Financing Activities

 

Property-Level Debt

During the three months ended June 30, 2013, the Company obtained $690 million ($602 million at share) of property-level debt with a weighted-average interest rate of 3.78% and weighted-average term-to-maturity of 9.4 years; the prior loans had a weighted-average interest rate of 5.68% and a remaining term-to-maturity of 1.5 years. The transactions generated approximately $159 million of net proceeds.

 

In addition, the Company obtained a $1.5 billion corporate loan secured by cross-collateralized mortgages on 16 properties with a weighted-average interest rate of LIBOR + 2.50% and a term-to-maturity of 3.0 years (with 2 one-year options); the prior loans secured by 16 properties had a weighted-average interest rate of 3.98% and a remaining term-to-maturity of 3.3 years.  The transaction generated approximately $182 million of net proceeds.

 

Subsequent to June 30, 2013, the Company obtained an additional $690 million ($479 million at share) of property-level financings related to four properties. The new mortgages have a weighted-average interest rate and term of 3.99% and 10.9 years, respectively, as compared to a rate of 4.64% and a remaining term-to-maturity of 3.2 years.  The transactions generated approximately $90 million of net proceeds to the Company.

 

Unsecured Notes

During the three months ended June 30, 2013, the Company redeemed $609 million of its 6.75% unsecured notes due November 9, 2015 on May 1, 2013. In connection with the repayment, the Company incurred $20.5 million of early redemption fees. After repayment of the $609 million, the Company no longer has any outstanding unsecured Rouse notes.

 

Investment Activities

 

Acquisitions

During the three months ended June 30, 2013, the Company acquired an additional 50% interest in Quail Springs Mall, previously held in a joint venture with JCP Realty, Inc.
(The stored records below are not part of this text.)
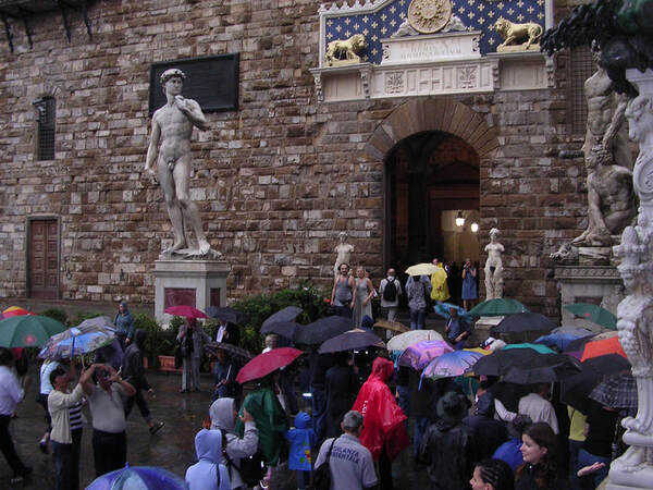 到翡冷翠的時候,步出火車站,剛好下起傾盆大雨。這是一場少見的大雷雨,從廣場四周投射的燈光,可以清楚看見空中狂亂飛舞的雨絲。我倆坐在傭兵涼廊底下,一座叫不出名字的皇帝雕像旁邊,從傘與傘的交界處,看著涼廊內眾多著名雕像靜靜地佇立雨中。
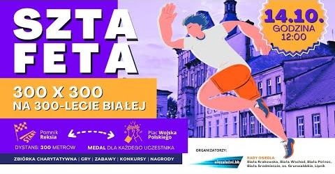Z tej okazji Stowarzyszenie Niezależni.BB razem z radami osiedli Biała Krakowska, Biała Północ, Biała Wschód, Biała Śródmieście, Grunwaldzkim i Lipnikiem organizują „Sztafetę 300 x 300 na 300-lecie Białej”. Trasa o długości 300 metrów zaczynać się będzie przy pomniku Reksia, poprowadzi w kierunku Placu Wojska Polskiego i z powrotem do pomnika Reksia. Idea sztafety polega na przebięgnięciu przez 300 uczestników dystansu 300 metrów. Uczestnicy mogą biec indywidualnie lub w małych, kilkuosobowych grupkach. Dystans jest tak dobrany, by każdy mógł się z nim zmierzyć, nawet jeśli zrobi to truchtem lub np. na wózku inwalidzkim, hulajnodze lub dziecięcym rowerku. Czas nie będzie mierzony, istotne jest samo uczestnictwo oraz cel charytatywny. Całość dochodu z imprezy, w tym wpisowe uczestników, będzie przeznaczone na leczenie i rehabilitację małego Fabianka, podopiecznego Fundacji Pomaluj Nasz Świat.
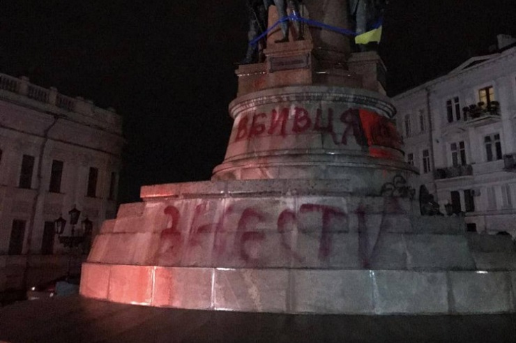 18 вересня близько двох десятків молодих людей провели акцію біля пам’ятника Катерині II. Вони вимагали демонтувати цей символ «русского мира». Вночі 17 вересня на постаменті пам’ятника з’явився новий напис червоною фарбою – «Вбивця, знести».
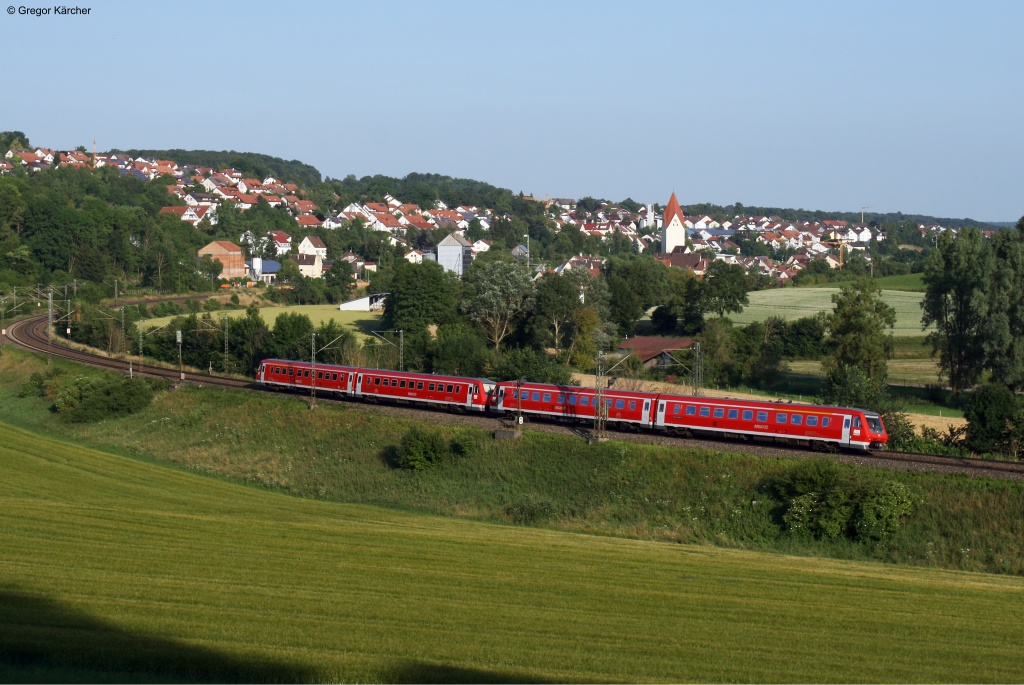Zwei Triebwagen der Baureihe 611 verkehrten am 16.07.2013 als IRE 4239 von Lindau über Ulm nach Stuttgart und konnten dabei bei Lonsee fotografiert werden. Das Duo musste wahrscheinlich für einen Dosto-Zug einspringen, denn normalerweise werden auf dieser Linie Doppelstockwagen eingesetzt.
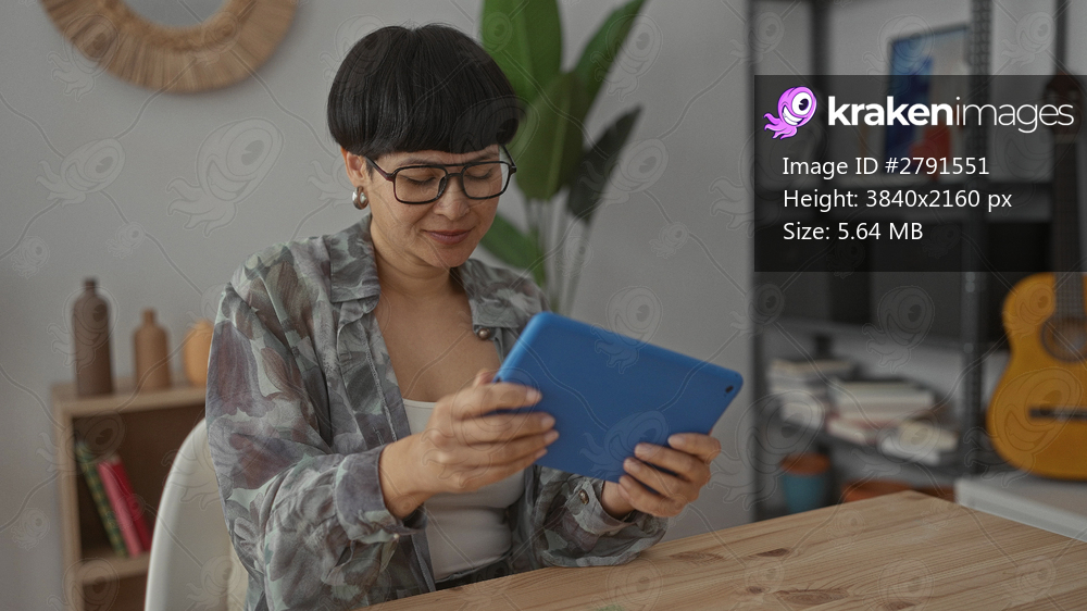 Woman using tablet in cozy living room with plants and wooden shelves, showcasing relaxation and modern technology in a home setting.

As a result the Company now owns 100% of the mall.

 

Dispositions

During the three months ended June 30, 2013, the Company sold a 49.9% interest in both The Grand Canal Shoppes and The Shoppes at the Palazzo. As a result the Company now owns 50.1% of the combined properties in a newly formed joint venture The Grand Canal Shoppes. Additionally, the Company disposed of a strip center.

 

On July 29, 2013, the Company entered into separate agreements to sell its ownership interests in Aliansce Shopping Centers S.A. (BM&FBOVESPA: ALSC3) to the Canada Pension Plan Investment Board and Rique Empreendimentos e Participações Ltda for approximately $690 million. The transaction is expected to close in the third quarter subject to certain conditions.

 

Development

The Company has redevelopment activities under construction totaling approximately $900 million of capital investment (at share), encompassing 24 properties including Ala Moana, Fashion Show and Glendale Galleria.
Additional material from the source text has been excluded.